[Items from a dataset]
^^^^^^^^

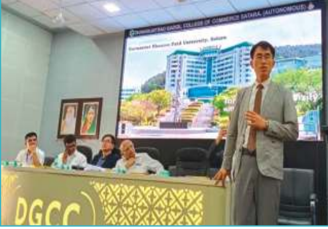
कोरियन भाषा अभ्यास आणि नोकरीच्या संधी संदर्भाने मार्गदर्शन करताना दक्षिण कोरिया येथील टॉगमाँग विद्यापीठातील मार्गदर्शक
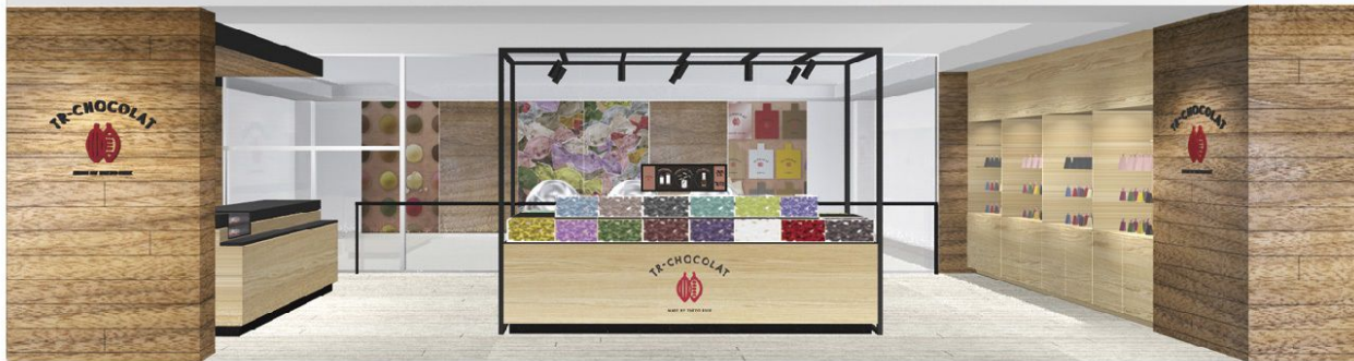
*TR-CHOCOLA ショップイメージ
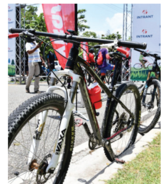
Con la peatonalización en el Malecón, el Intrans iniciará la celebración.

Finalmente, el domingo 29, el cierre de la Semana Movilidad Sostenible habrá peatonalización en el Ensanche Naco, y en el Distrito Nacional. ● elCaribe
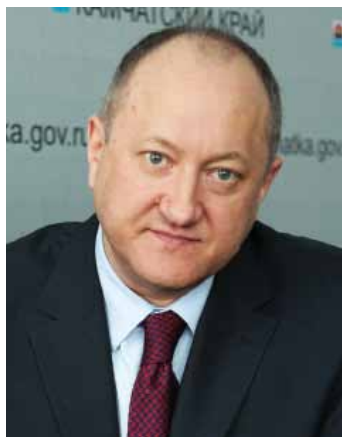
Владимир Илюхин Губернатор Камчатского края

Сегодня нам есть, чем гордиться: АПК края на пороге нового расцвета. На Камчатке открываются крупные сельскохозяйственные предприятия, возобновляют работу старые комплексы. К примеру, в начале 2012 года в Ели-
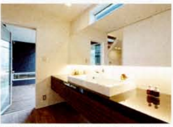
ホテルのサンタリーをイメージしたスタイリッシュ空間。オリジナル造作の洗面化粧台
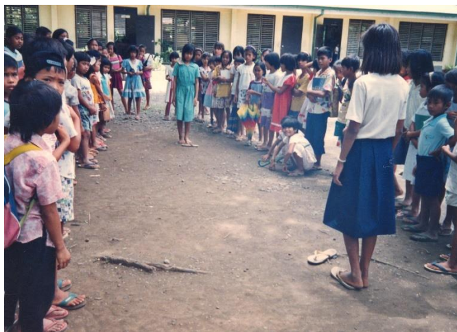
Die Aufstellung zum Spiel Slipper.

Ziel des Spiels ist, verschiedene Aufgaben fehlerfrei aufzuführen und dabei immer einen Schuh des Gegners zu treffen. Die Mannschaft, die alle Aufgaben zuerst fehlerfrei gelöst hat, gewinnt das Spiel. Spielen nur zwei Kinder, geht jeder Spieler erst dann zur nächsten Aufgabe über, wenn er die erste beendet hat.
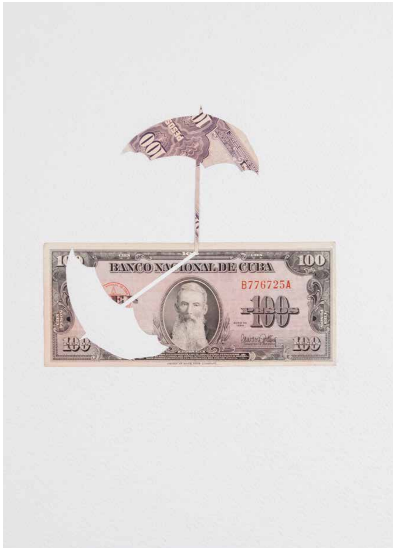
Sombra (Ombre) • 2016 Billet de 100 pesos cubains (1954, hors cours) sur papier 35 x 40 cm
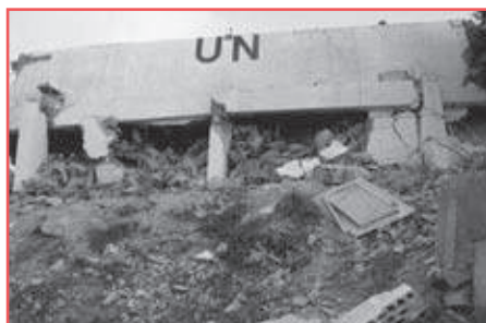
Pozorovatelská stanice OSN u jiholibanonského města Chiam zasažená během letectvého bombardování 24. července.

Rada bezpečnosti již dříve prostřednictvím svého předsedy reagovala na dva incidenty tohoto konfliktu. Jedním bylo zabití čtyř neozbrojených vojenských pozorovatelů OSN, příslušníků Pro-
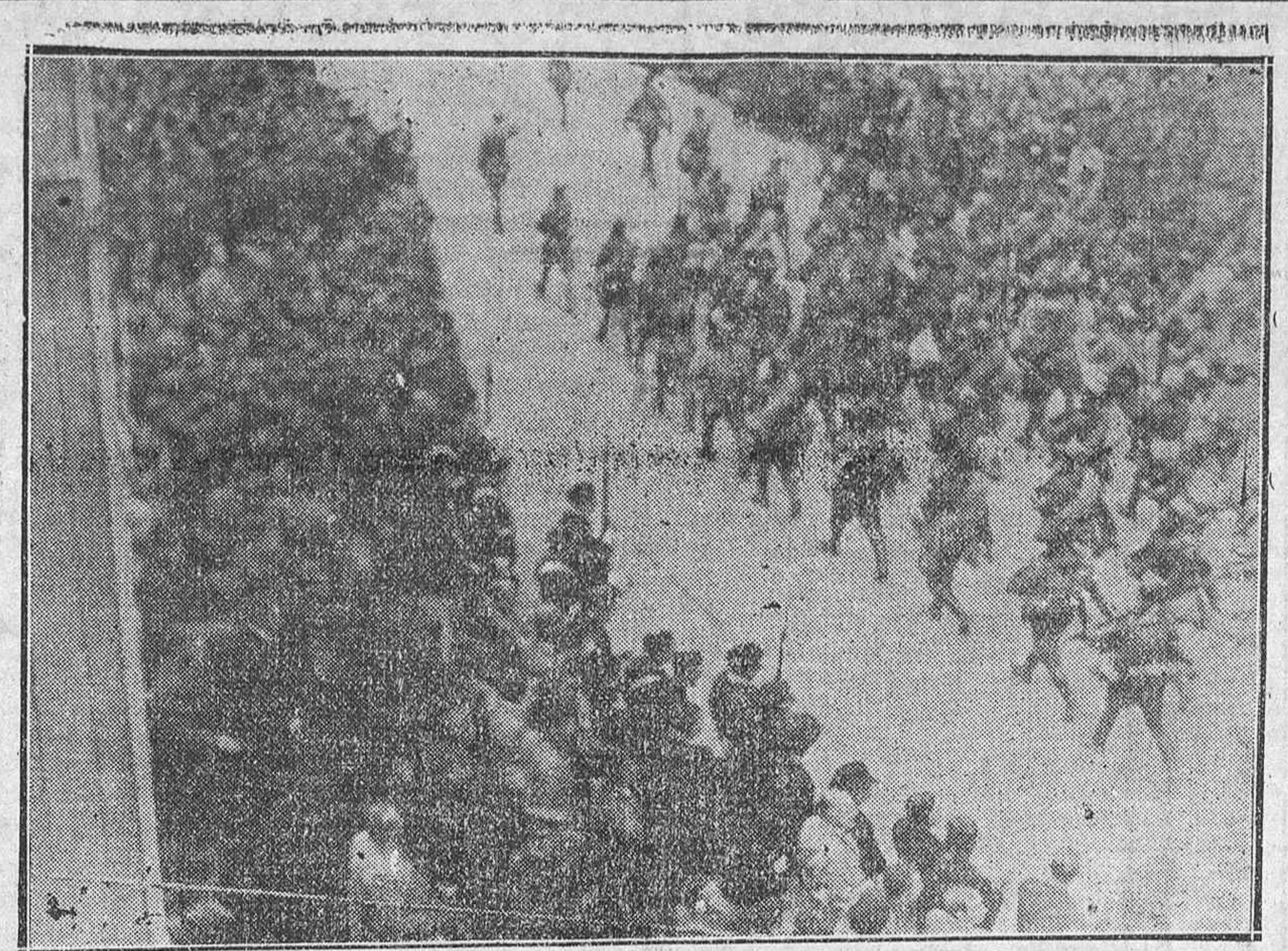
Una vista de los emocionantes actos patrióticos de ayer en Vitoria.

^^^^^^^^

Nothing but the lines from the one containing "Rada bezpečnosti již" through the last line of the data should appear in the answer, copied exactly, with pictures excluded.

Rada bezpečnosti již dříve prostřednictvím svého předsedy reagovala na dva incidenty tohoto konfliktu. Jedním bylo zabití čtyř neozbrojených vojenských pozorovatelů OSN, příslušníků Pro-
Una vista de los emocionantes actos patrióticos de ayer en Vitoria.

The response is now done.